> Information provided
::::

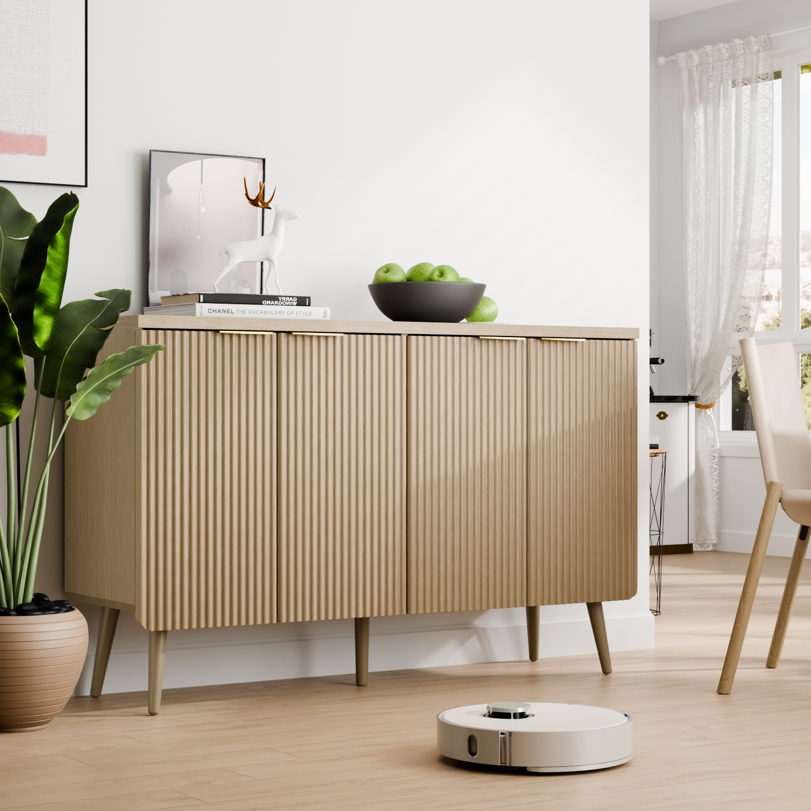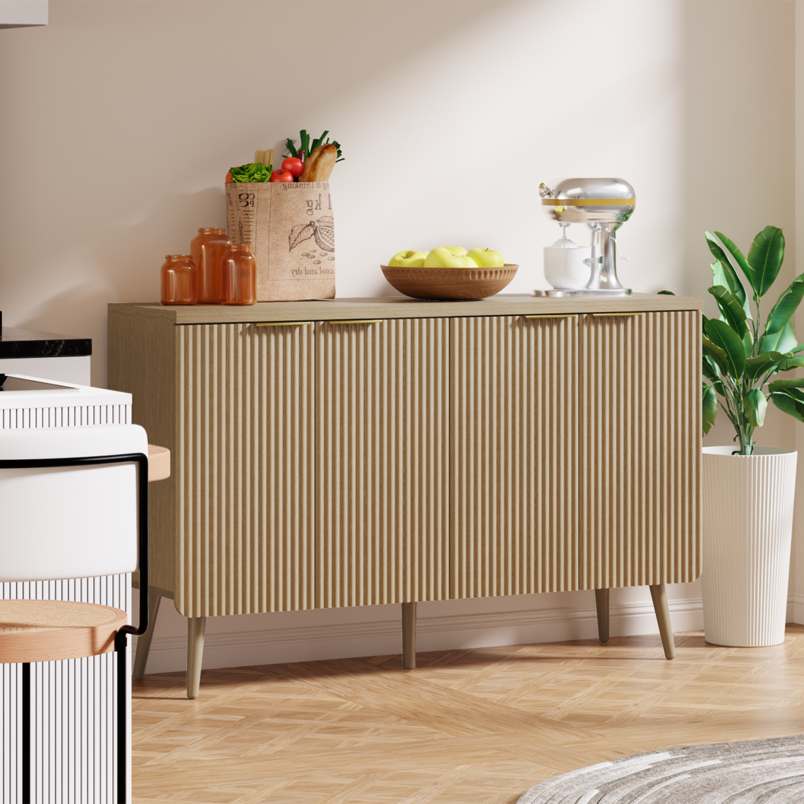 The cabinet features a stylish design with rounded corners and a striped pattern, presenting a modern and elegant look that is a great addition to any room. It has ample storage with four doors, providing generous space to organize items and keep the area tidy. Constructed from high – quality MDF materials, it is durable and can withstand daily use while maintaining its beauty. It is versatile and suitable for living rooms, bedrooms, or offices to adapt to different decor needs.
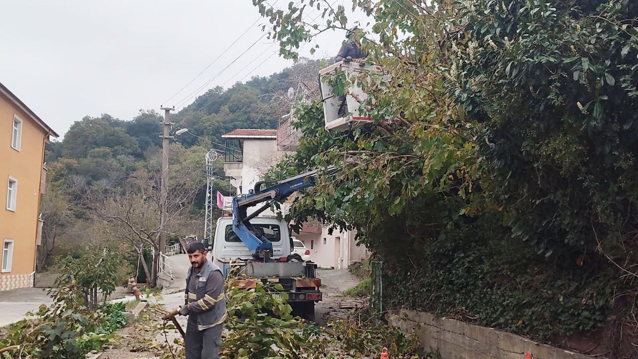 Şehir merkezinde elektrik hatlarının yer altına alınmadığı mahallelerde kış mevsimine karşı ekipler ağaçları buduyor.
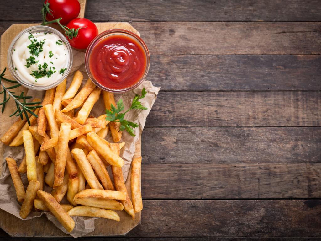 Обои Аппетитный картофель фри на столе с соусом и кетчупом

::::

> Prompt
Please retype the material in full, exactly as it reads, apart from the images.

> Exercise result
 The cabinet features a stylish design with rounded corners and a striped pattern, presenting a modern and elegant look that is a great addition to any room. It has ample storage with four doors, providing generous space to organize items and keep the area tidy. Constructed from high – quality MDF materials, it is durable and can withstand daily use while maintaining its beauty. It is versatile and suitable for living rooms, bedrooms, or offices to adapt to different decor needs.
 Şehir merkezinde elektrik hatlarının yer altına alınmadığı mahallelerde kış mevsimine karşı ekipler ağaçları buduyor.
 Обои Аппетитный картофель фри на столе с соусом и кетчупом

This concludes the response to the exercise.